Abstract:The behavior decision-making subsystem is a key component of the autonomous driving system, which reflects the decision-making ability of the vehicle and the driver, and is an important symbol of the high-level intelligence of the vehicle. However, the existing rule-based decision-making schemes are limited by the prior knowledge of designers, and it is difficult to cope with complex and changeable traffic scenarios. In this work, an advanced deep reinforcement learning model is adopted, which can autonomously learn and optimize driving strategies in a complex and changeable traffic environment by modeling the driving decision-making process as a reinforcement learning problem. Specifically, we used Deep Q-Network (DQN) and Proximal Policy Optimization (PPO) for comparative experiments.
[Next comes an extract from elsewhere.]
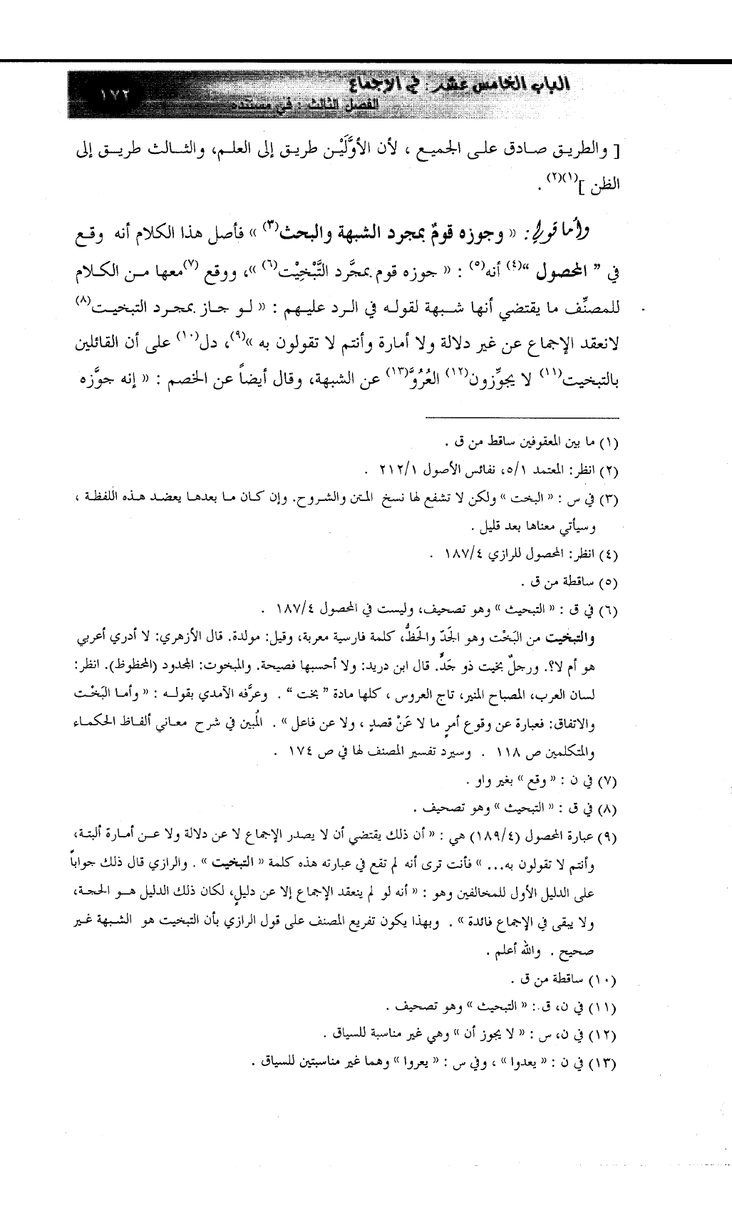 (¬9) عبارة المحصول (4/189) هي: ((أن ذلك يقتضي أن لا يصدر الإجماع لا عن دلالة ولا عن أمارة ألبتة، وأنتم لا تقولون به ... )) فأنت ترى أنه لم تقع في عبارته هذه كلمة ((التبخيت)) . والرازي قال ذلك جواباً على الدليل الأول للمخالفين وهو: ((أنه لو لم ينعقد الإجماع إلا عن دليلٍ، لكان ذلك الدليل هو الحجة، ولا يبقى في الإجماع فائدة)) . وبهذا يكون تفريع المصنف على قول الرازي بأن التبخيت هو الشبهة غير صحيح. والله أعلم.

DQN guides the agent to choose the best action by approximating the state-action value function, while PPO improves the decision-making quality by optimizing the policy function. We also introduce improvements in the design of the reward function to promote the robustness and adaptability of the model in real-world driving situations. Experimental results show that the decision-making strategy based on deep reinforcement learning has better performance than the traditional rule-based method in a variety of driving tasks.